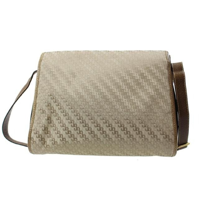 This purse is a rare design you don’t often see, especially in this condition! The bag has a squared G logo style print embossed in the fabric in a khaki color. It has brown leather framing the purse at the strap, sides, piping and top. It has an adjustable shoulder strap and is a classic, square shape with an envelope flap top.
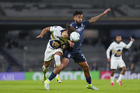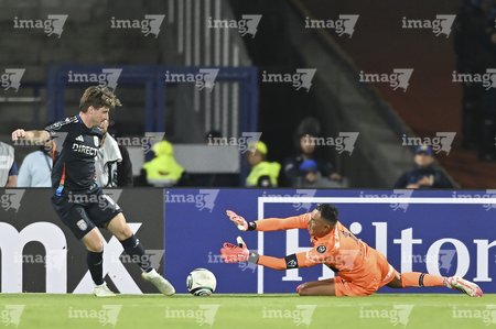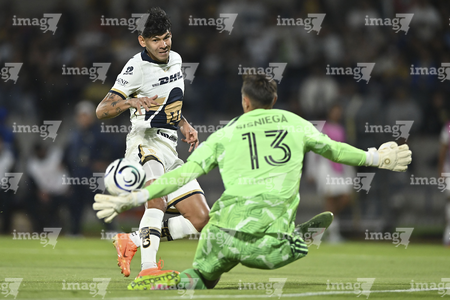 Ciudad de México, 10 de febrero de 2026. Anders Dreyer y Keylor Navas, durante el partido de vuelta de la primera ronda de la Champions Cup de la CONCACAF 2026, entre los Pumas de la UNAM y el San Diego FC, realizado en el estadio Olímpico Universitario. Foto: Imago7/Etzel Espinosa
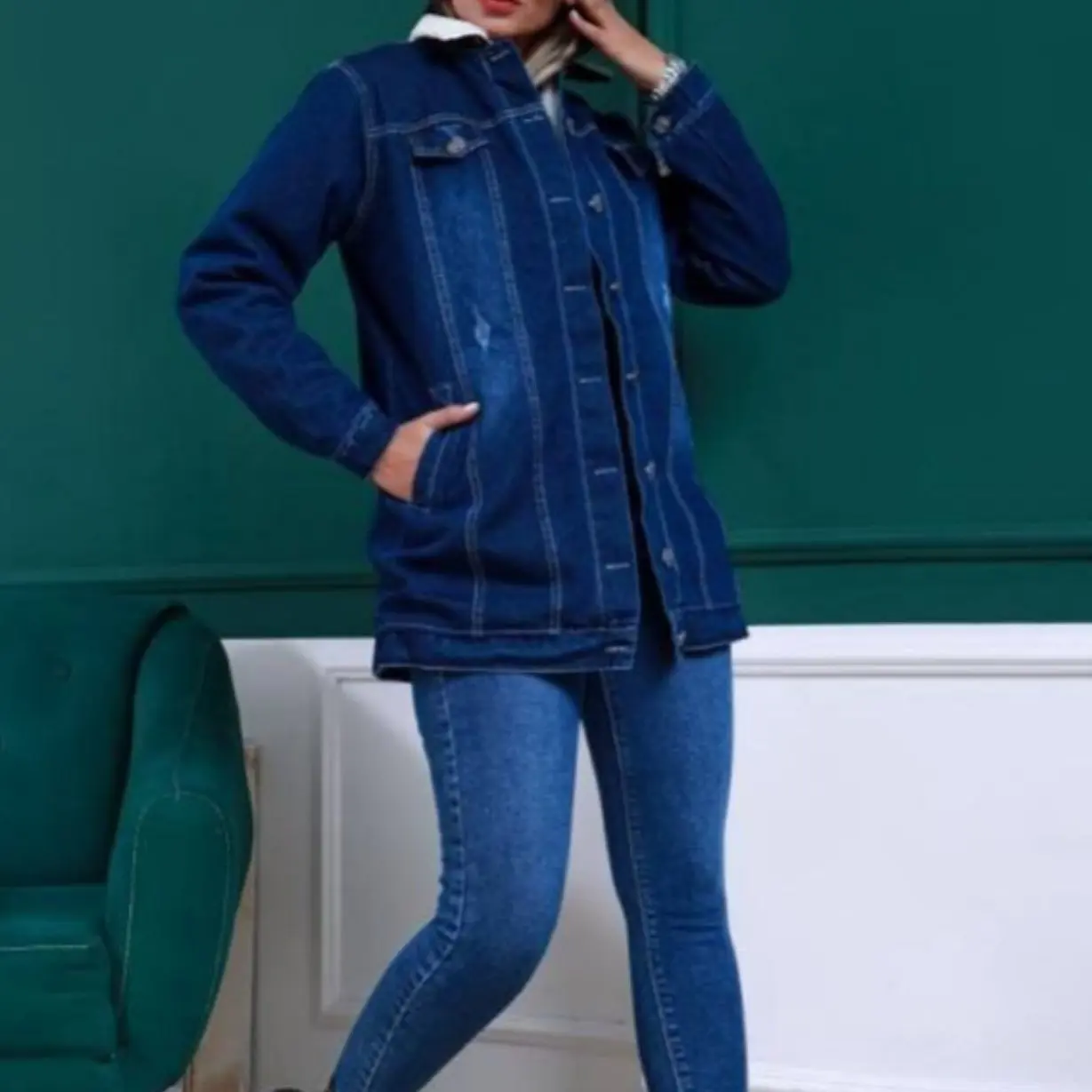 کاپشن زنانه جین ترک سایز 36 تا 46 قد 85 کاپشن جین
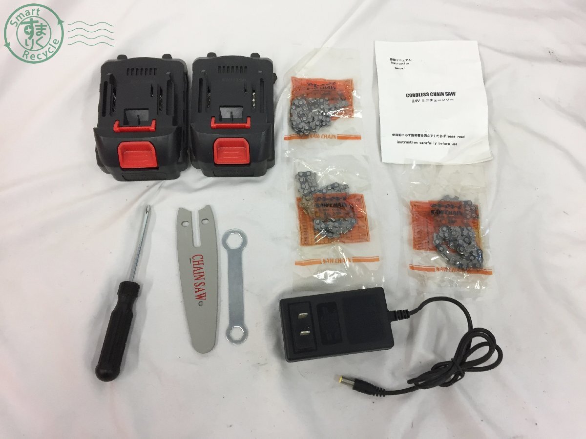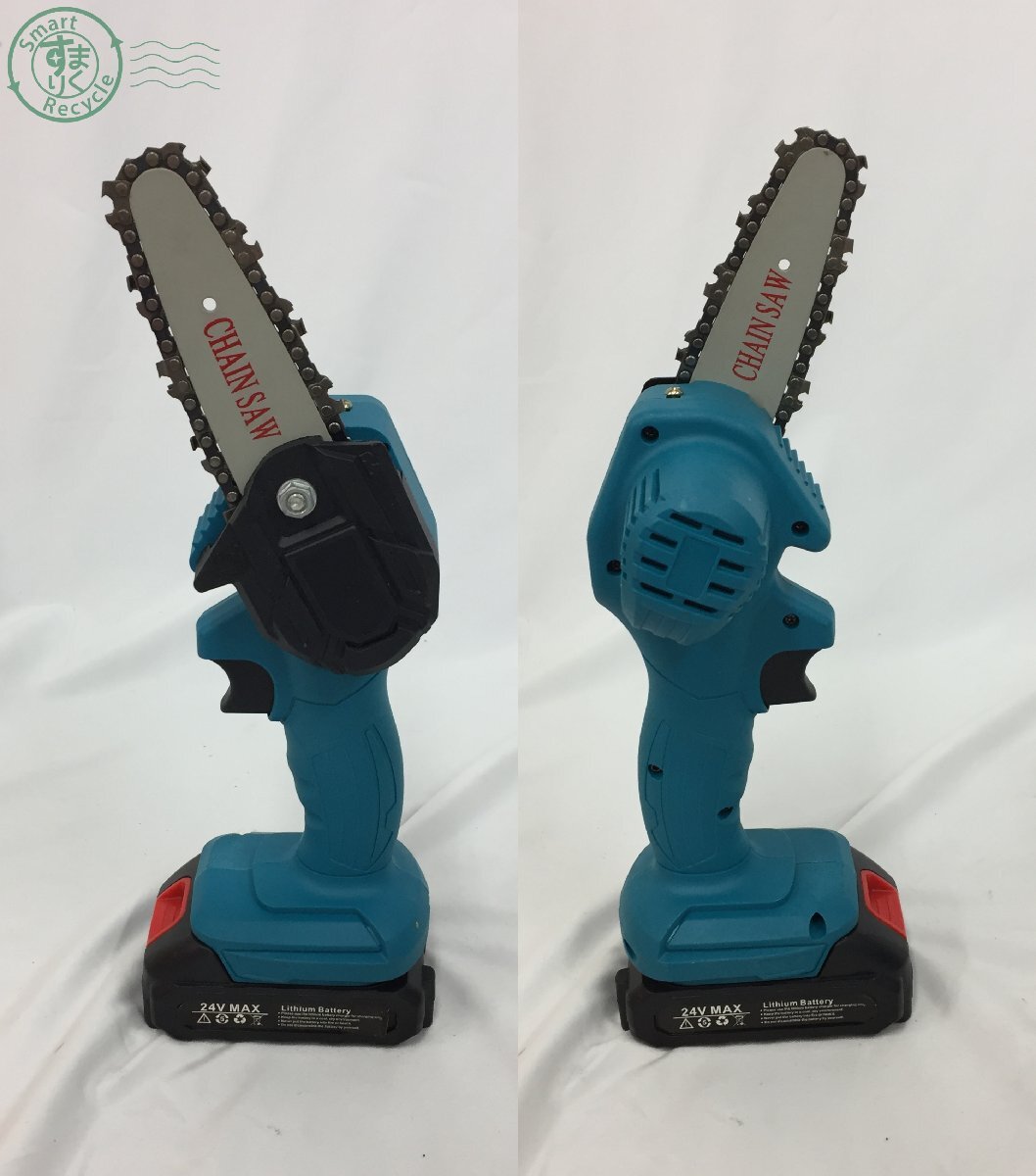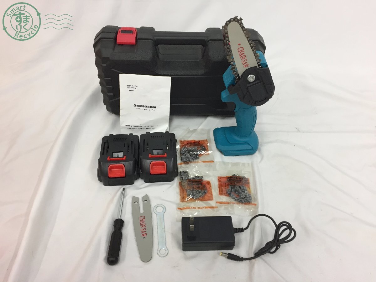 △ チェーンソー 小型 充電式 コードレス 電動工具 DIY バッテリー 2個 替刃 ケース付き ジャンク品 現状品 中古品 used品 | |||
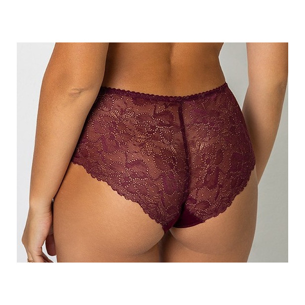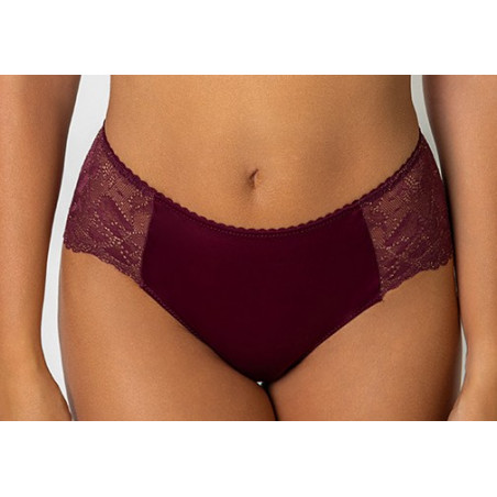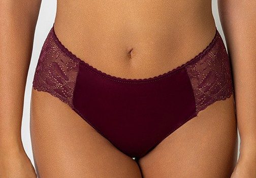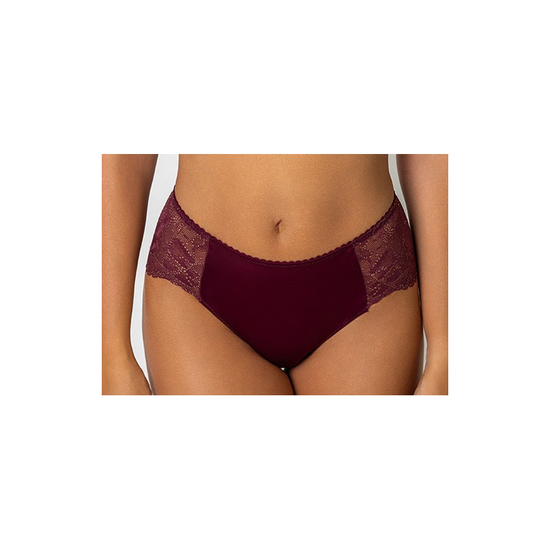 Klasikinio kirpimo kelnaitės pasiūtos iš elastingo audinio su atlasiniu blizgesiu ir tamprių nėrinių. Puikiai suprojektuota konstrukcija tinkanti tiek jaunoms moterims, tiek brandesnėms damoms. Tinka komplektuoti su kolekcijos "Bordeaux" liemenėlėmis.
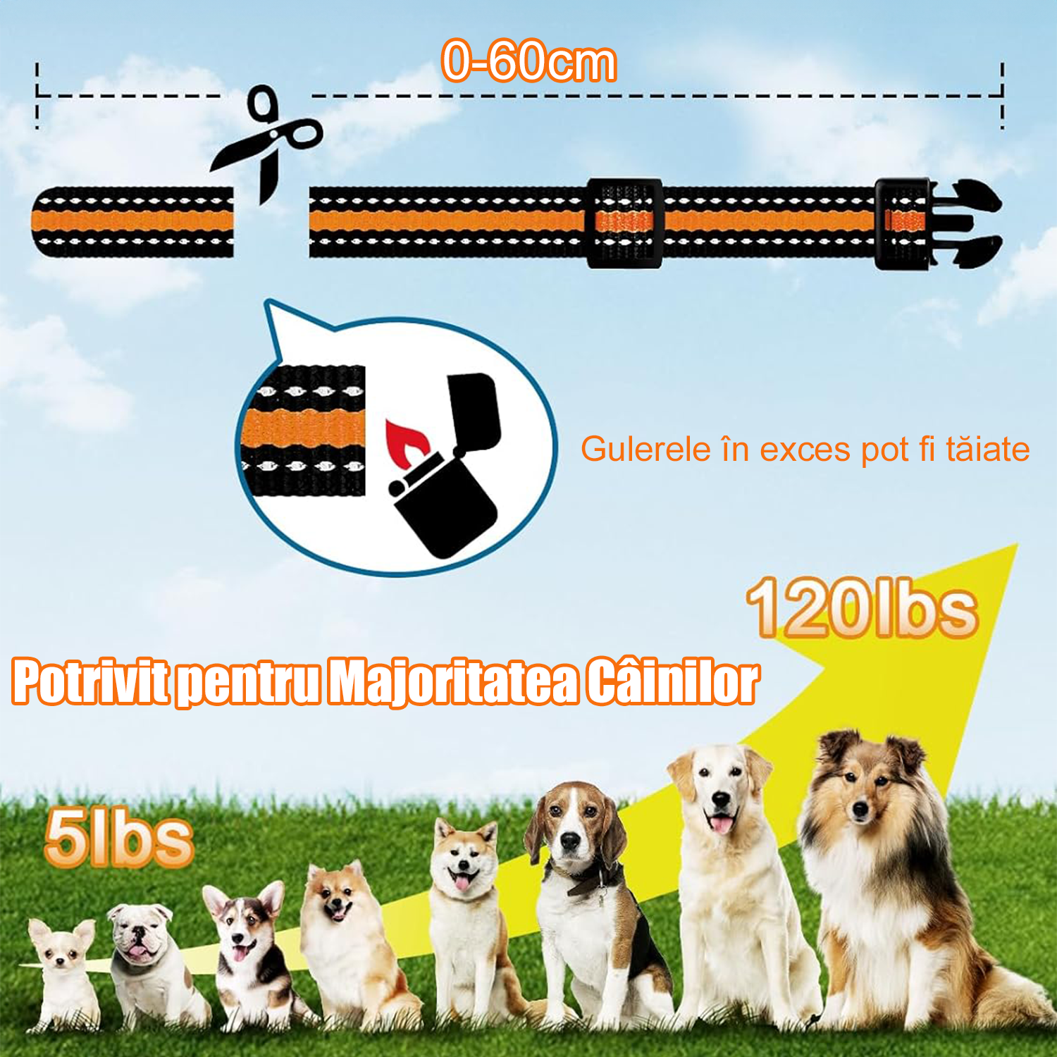 【Dimensiune reglabila a zgarzii】 Zgarda dresaj cu telecomanda se poate adapta cainilor cu circumferinta gatului de 0-60 cm, indiferent daca animalul dvs. de companie este un catel sau un caine foarte mare, poate fi aplicat.
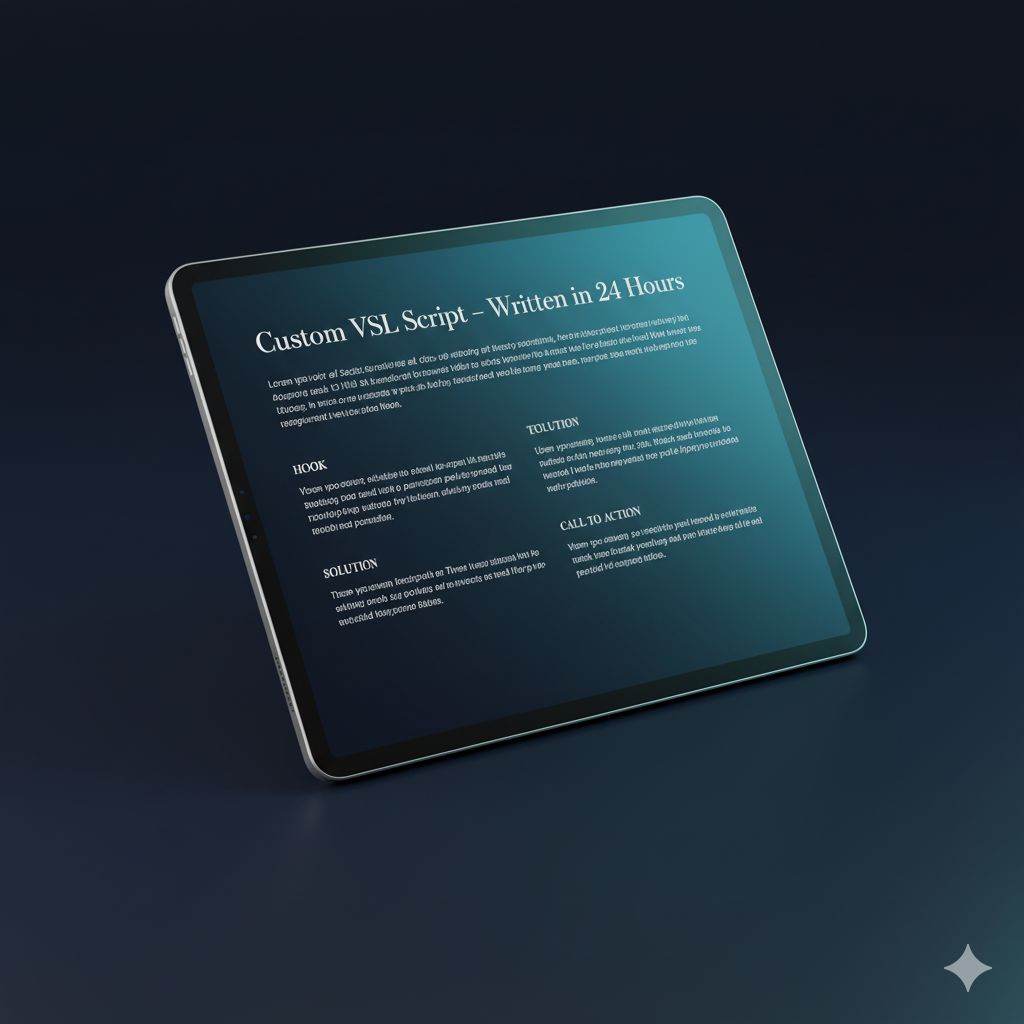 Receive your complete, high-converting VSL script in under 24 hours, ready to record and start converting traffic.
· · · · · · ·
## The problem
Please transcribe all of the entries exactly and omit any picture they hold.

## Expected answer
 This purse is a rare design you don’t often see, especially in this condition! The bag has a squared G logo style print embossed in the fabric in a khaki color. It has brown leather framing the purse at the strap, sides, piping and top. It has an adjustable shoulder strap and is a classic, square shape with an envelope flap top.
 Ciudad de México, 10 de febrero de 2026. Anders Dreyer y Keylor Navas, durante el partido de vuelta de la primera ronda de la Champions Cup de la CONCACAF 2026, entre los Pumas de la UNAM y el San Diego FC, realizado en el estadio Olímpico Universitario. Foto: Imago7/Etzel Espinosa
 کاپشن زنانه جین ترک سایز 36 تا 46 قد 85 کاپشن جین
 △ チェーンソー 小型 充電式 コードレス 電動工具 DIY バッテリー 2個 替刃 ケース付き ジャンク品 現状品 中古品 used品 | |||
 Klasikinio kirpimo kelnaitės pasiūtos iš elastingo audinio su atlasiniu blizgesiu ir tamprių nėrinių. Puikiai suprojektuota konstrukcija tinkanti tiek jaunoms moterims, tiek brandesnėms damoms. Tinka komplektuoti su kolekcijos "Bordeaux" liemenėlėmis.
 【Dimensiune reglabila a zgarzii】 Zgarda dresaj cu telecomanda se poate adapta cainilor cu circumferinta gatului de 0-60 cm, indiferent daca animalul dvs. de companie este un catel sau un caine foarte mare, poate fi aplicat.
 Receive your complete, high-converting VSL script in under 24 hours, ready to record and start converting traffic.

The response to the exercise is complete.